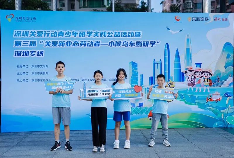 “小候鸟研学”活动始于2023年,2024年在深圳市文明办的指导下,发起成立了深圳关爱行动青少年研学实践公益平台。在政府、企业、公益机构的共同关怀下,每年暑假“小候鸟”们从全国各地飞来深圳,与亲人团聚,同时也用自己的脚步丈量父母奋斗的足迹,用童真的视角观察这座青春的城市,在互动体验中收获成长的自信。这一活动也实实在在帮助到新业态劳动者实现“团圆梦”,增强对孩子的假期安全守护和心理健康关怀。
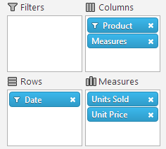 This topic explains how to configure the tabular View of the OLAP cube result set by arranging the hierarchies of the pivot grid columns, rows, filters, and measures, either from the grid’s interface or programmatically in the code.
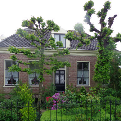 Het erf is recent aan de achterzijde verkleind ten behoeve van niet aangepaste nieuwbouw. Op het erf staat nog een zomerhuis, een spoelhok en een hooiberg, alsmede twee leilinden vóór het huis. Ter erfafscheiding staat langs de weg een smeedijzeren spijlenhek.
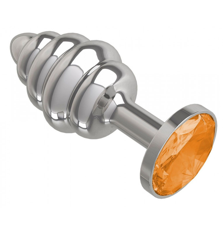 Серебристая пробка с рёбрышками и оранжевым кристаллом - 7 см.
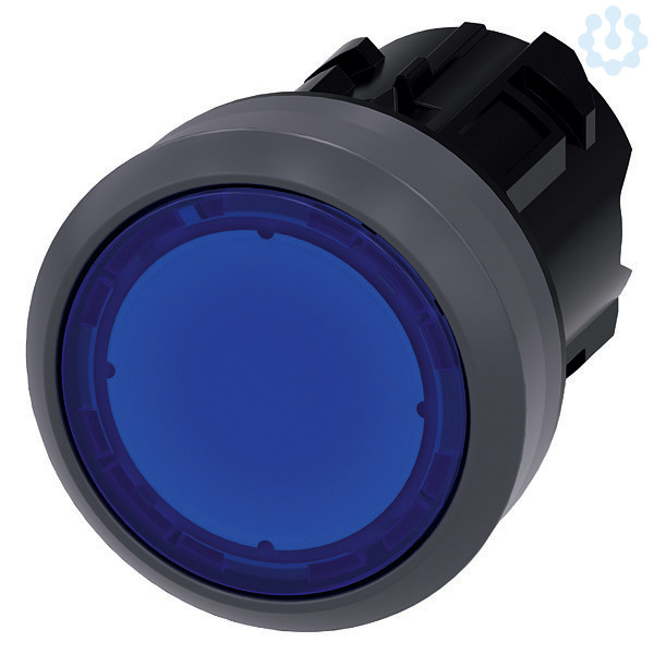 Leuchtdrucktaster, 22 mm, rund, Kunststoff mit Metallfrontring, blau, Druckknopf, flach tastend Leuchtdrucktaster SIRIUS ACT zur Schaltung und Steuerung elektrischer Verbraucher.Unter dem Markennamen SIRIUS ACT bietet Siemens ein einzigartiges Portfolio an Befehls- und Meldegeräten mit weltweiten Produkt-Zulassungen in vier modernen Designreihen aus robustem Echtmetall und hochwertigem Kunststoff.Das innovative Aufschnappkonzept vereinfacht die Montage so weit, dass dafür nur eine Hand und kein Spezialwerkzeug erforderlich ist. Als Montagebohrungen genügen nutfreie Löcher, da bereits ein 100%iger Verdrehschutz integriert ist.Dank der durchgängig hohen Schutzart sind die robusten Geräte industrietauglich und für den Außeneinsatz geeignet. Sogar die Reinigung mit Hochdruckstrahl ist möglich. Weder Staub, Öle noch aggressive Laugen können den zuverlässigen Betrieb stören.Neben der Standardverdrahtung können die Geräte auch über PROFINET, AS-Interface oder IO-Link an die Steuerung angebunden werden. Damit reduzieren Sie Ihren Verdrahtungsaufwand, minimieren Fehlerquellen und gewinnen mehr Flexibilität.Komfortabel unterstützt der grafische Online-Konfigurator bei Auswahl und Bestellung von Einzelgeräten, Gehäusen und Beschriftungen. Umfangreiche Dokumentation (z.B. Handbuch, 3D-Daten, Anschlussdiagramm) ist verfügbar.Lieferbare Ausführungen: mehrere Farben, beleuchtet/unbeleuchtet, mit/ohne Beschriftung, verrastende/tastende Betätigung, verschiedene Druckknopf- und Frontringhöhen.Hinweis: Einzelgerät, Halter und Module bitte extra bestellen.SIRIUS ACT - Performance in Action beim Befehlen und Melden. Einfach montiert, einfach stark, einfach perfekt.
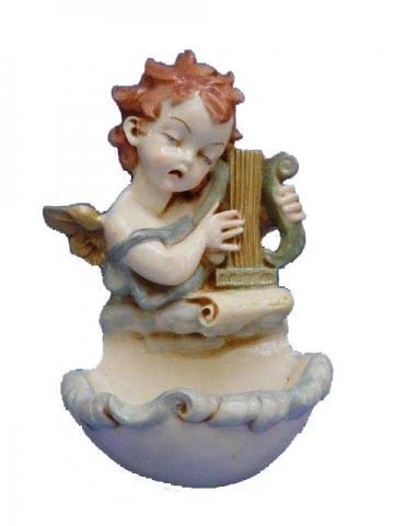 Blessed water container with angel playing the lira, porcelain finishing. Figure in resin, 16 cms.
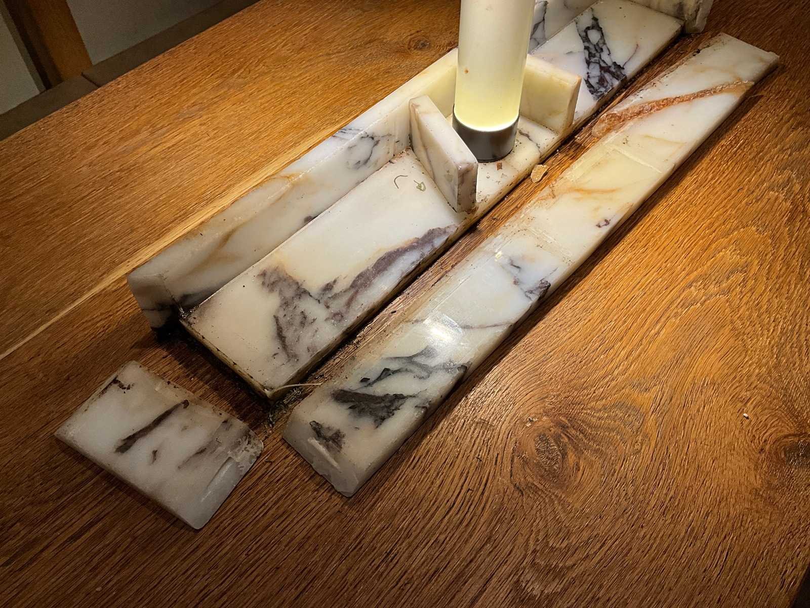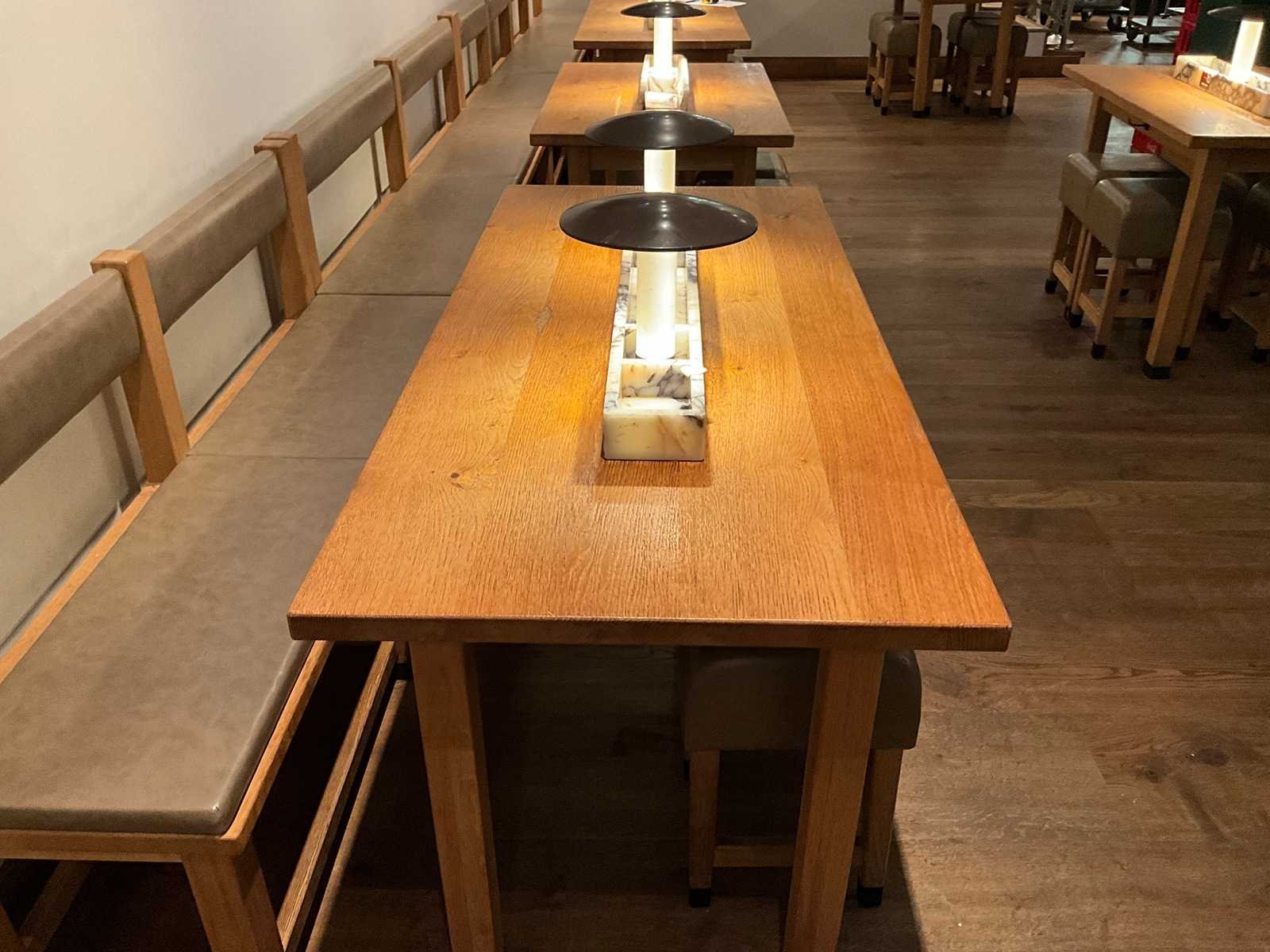 Set van 2 halfhoge tafels met marmeren opbouw en verlichting (afmetingen 125x80x87 en 180x80x87 cm), 2 banken (aan de vloer bevestigd) (afmetingen 240x50x96 cm, zithoogte 57 cm) en 5 krukken (afmetingen 37x27x57 cm). LET OP! Van 1 tafel is de marmeren opbouw kapot. De tafel zijn reeds ontkoppeld van de vloer en elektra. Hiervoor zijn de additionele kosten van toepassing. De koper is zelf verantwoordelijk voor het professioneel demonteren van de kavel. Wij adviseren u gebruikt te maken van de kijkdag om een plan voor demontage op te stellen. Schade aan het pand of andere zaken zal op de koper worden verhaald. Nee Merk: Hutten Hout: true
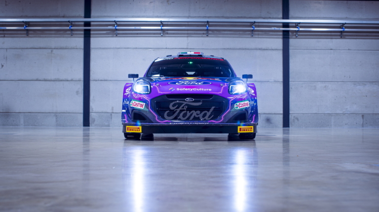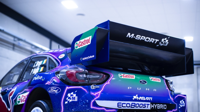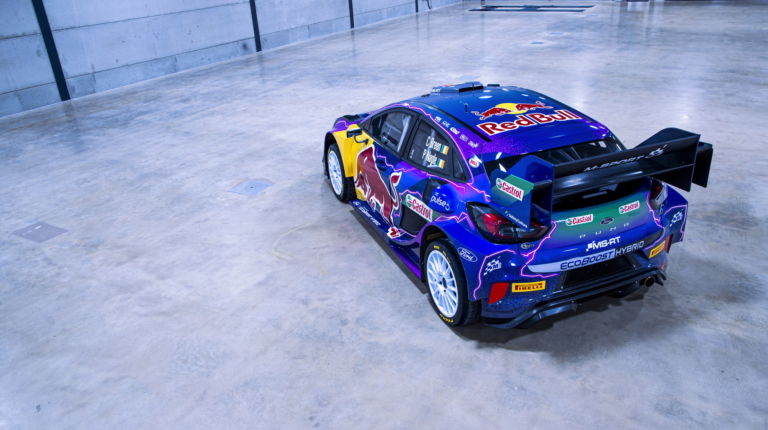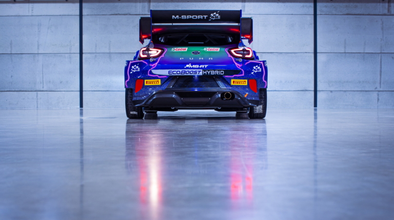 Ford Puma Rally1 получил уникальную ливрею в ярко-синих и фиолетовых тонах, украшенную электрическими разрядами, что указывает на силовую установку кроссовера. Впрочем, это первый электрифицированный ралли-кар в истории американкой марки, который принимает участие в такого рода мероприятиях. Также стоит отметить огромное антикрыло на корме машины и развитый аэродинамический обвес.
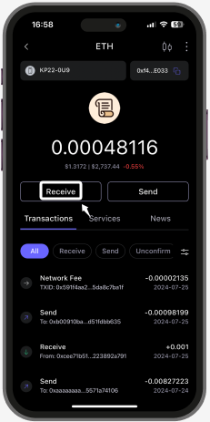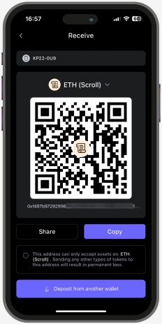 Gently click on the $ETH(Scroll) coin that you want to receive, and click the ‘Receive’ tab.Copy or share the wallet address with your friends, and start receiving the $ETH(Scroll) using the address!
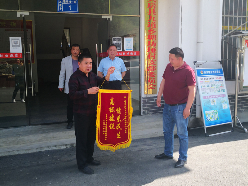 今日房縣網(wǎng)訊 通訊員陳建軍 報(bào)道: 近日,為感謝房縣高標(biāo)準(zhǔn)農(nóng)田建設(shè)項(xiàng)目為當(dāng)?shù)卮迕褶k實(shí)事,九道鄉(xiāng)塘坊埡村黨支部書記賈先華與當(dāng)?shù)卮迕褚煌蚋邩?biāo)準(zhǔn)農(nóng)田建設(shè)辦公室送上錦旗。
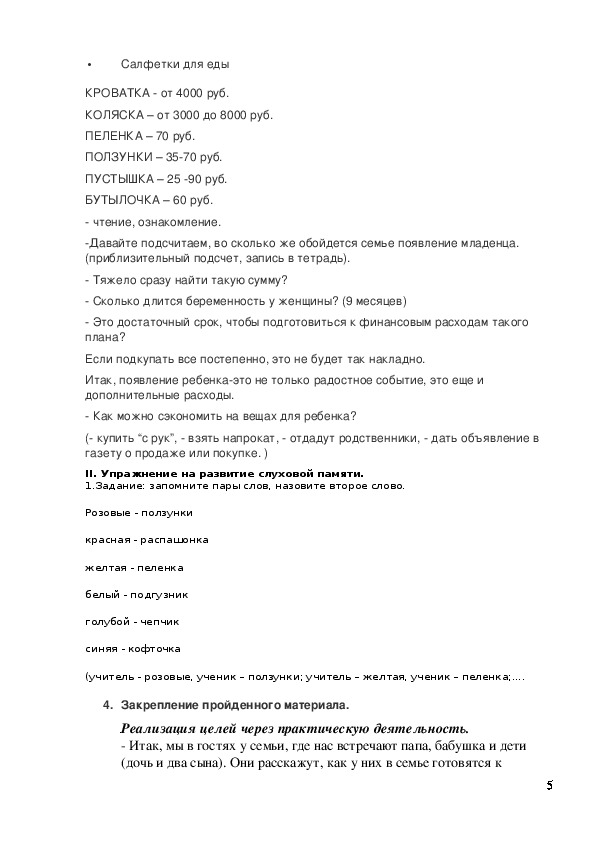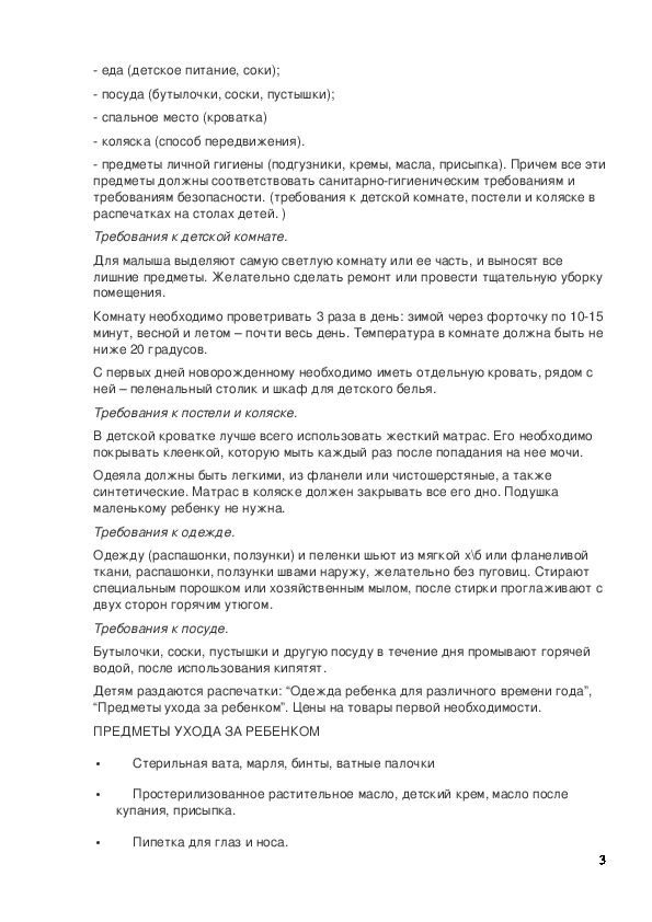 1. Ознакомление с анатомо-физиологическими особенностями грудного ребенка, с требованиями к детскому оборудованию; со средними ценами на одежду и предметы первой необходимости.
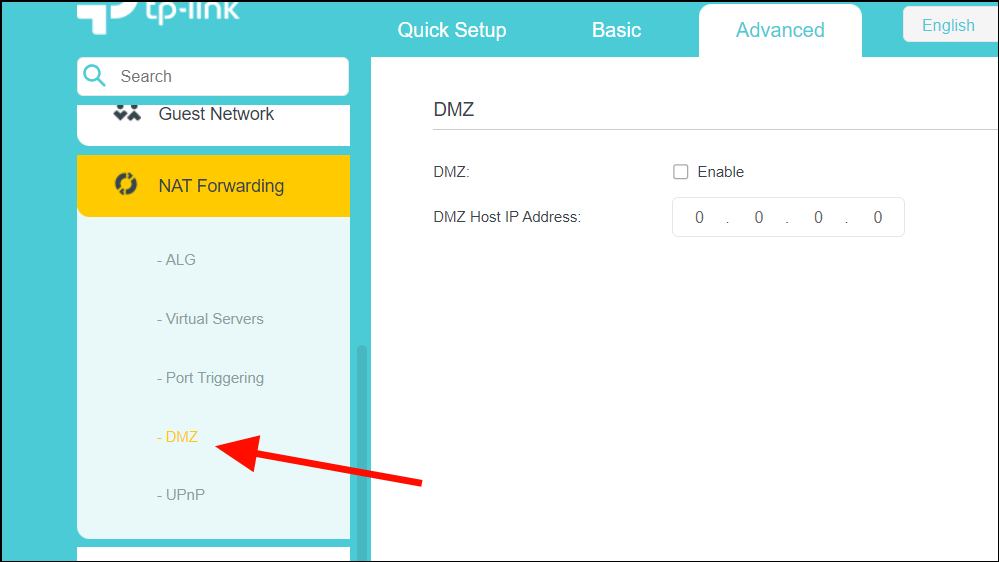 Step 2: In the left panel, select DMZ under the NAT Forwarding or Forwarding section.

------------------------------------

Repeat the records above verbatim. Include none of the pictures.

*Written solution*:
 “小候鸟研学”活动始于2023年,2024年在深圳市文明办的指导下,发起成立了深圳关爱行动青少年研学实践公益平台。在政府、企业、公益机构的共同关怀下,每年暑假“小候鸟”们从全国各地飞来深圳,与亲人团聚,同时也用自己的脚步丈量父母奋斗的足迹,用童真的视角观察这座青春的城市,在互动体验中收获成长的自信。这一活动也实实在在帮助到新业态劳动者实现“团圆梦”,增强对孩子的假期安全守护和心理健康关怀。
 This topic explains how to configure the tabular View of the OLAP cube result set by arranging the hierarchies of the pivot grid columns, rows, filters, and measures, either from the grid’s interface or programmatically in the code.
 Het erf is recent aan de achterzijde verkleind ten behoeve van niet aangepaste nieuwbouw. Op het erf staat nog een zomerhuis, een spoelhok en een hooiberg, alsmede twee leilinden vóór het huis. Ter erfafscheiding staat langs de weg een smeedijzeren spijlenhek.
 Серебристая пробка с рёбрышками и оранжевым кристаллом - 7 см.
 Leuchtdrucktaster, 22 mm, rund, Kunststoff mit Metallfrontring, blau, Druckknopf, flach tastend Leuchtdrucktaster SIRIUS ACT zur Schaltung und Steuerung elektrischer Verbraucher.Unter dem Markennamen SIRIUS ACT bietet Siemens ein einzigartiges Portfolio an Befehls- und Meldegeräten mit weltweiten Produkt-Zulassungen in vier modernen Designreihen aus robustem Echtmetall und hochwertigem Kunststoff.Das innovative Aufschnappkonzept vereinfacht die Montage so weit, dass dafür nur eine Hand und kein Spezialwerkzeug erforderlich ist. Als Montagebohrungen genügen nutfreie Löcher, da bereits ein 100%iger Verdrehschutz integriert ist.Dank der durchgängig hohen Schutzart sind die robusten Geräte industrietauglich und für den Außeneinsatz geeignet. Sogar die Reinigung mit Hochdruckstrahl ist möglich. Weder Staub, Öle noch aggressive Laugen können den zuverlässigen Betrieb stören.Neben der Standardverdrahtung können die Geräte auch über PROFINET, AS-Interface oder IO-Link an die Steuerung angebunden werden. Damit reduzieren Sie Ihren Verdrahtungsaufwand, minimieren Fehlerquellen und gewinnen mehr Flexibilität.Komfortabel unterstützt der grafische Online-Konfigurator bei Auswahl und Bestellung von Einzelgeräten, Gehäusen und Beschriftungen. Umfangreiche Dokumentation (z.B. Handbuch, 3D-Daten, Anschlussdiagramm) ist verfügbar.Lieferbare Ausführungen: mehrere Farben, beleuchtet/unbeleuchtet, mit/ohne Beschriftung, verrastende/tastende Betätigung, verschiedene Druckknopf- und Frontringhöhen.Hinweis: Einzelgerät, Halter und Module bitte extra bestellen.SIRIUS ACT - Performance in Action beim Befehlen und Melden. Einfach montiert, einfach stark, einfach perfekt.
 Blessed water container with angel playing the lira, porcelain finishing. Figure in resin, 16 cms.
 Set van 2 halfhoge tafels met marmeren opbouw en verlichting (afmetingen 125x80x87 en 180x80x87 cm), 2 banken (aan de vloer bevestigd) (afmetingen 240x50x96 cm, zithoogte 57 cm) en 5 krukken (afmetingen 37x27x57 cm). LET OP! Van 1 tafel is de marmeren opbouw kapot. De tafel zijn reeds ontkoppeld van de vloer en elektra. Hiervoor zijn de additionele kosten van toepassing. De koper is zelf verantwoordelijk voor het professioneel demonteren van de kavel. Wij adviseren u gebruikt te maken van de kijkdag om een plan voor demontage op te stellen. Schade aan het pand of andere zaken zal op de koper worden verhaald. Nee Merk: Hutten Hout: true
 Ford Puma Rally1 получил уникальную ливрею в ярко-синих и фиолетовых тонах, украшенную электрическими разрядами, что указывает на силовую установку кроссовера. Впрочем, это первый электрифицированный ралли-кар в истории американкой марки, который принимает участие в такого рода мероприятиях. Также стоит отметить огромное антикрыло на корме машины и развитый аэродинамический обвес.
 Gently click on the $ETH(Scroll) coin that you want to receive, and click the ‘Receive’ tab.Copy or share the wallet address with your friends, and start receiving the $ETH(Scroll) using the address!
 今日房縣網(wǎng)訊 通訊員陳建軍 報(bào)道: 近日,為感謝房縣高標(biāo)準(zhǔn)農(nóng)田建設(shè)項(xiàng)目為當(dāng)?shù)卮迕褶k實(shí)事,九道鄉(xiāng)塘坊埡村黨支部書記賈先華與當(dāng)?shù)卮迕褚煌蚋邩?biāo)準(zhǔn)農(nóng)田建設(shè)辦公室送上錦旗。
 1. Ознакомление с анатомо-физиологическими особенностями грудного ребенка, с требованиями к детскому оборудованию; со средними ценами на одежду и предметы первой необходимости.
 Step 2: In the left panel, select DMZ under the NAT Forwarding or Forwarding section.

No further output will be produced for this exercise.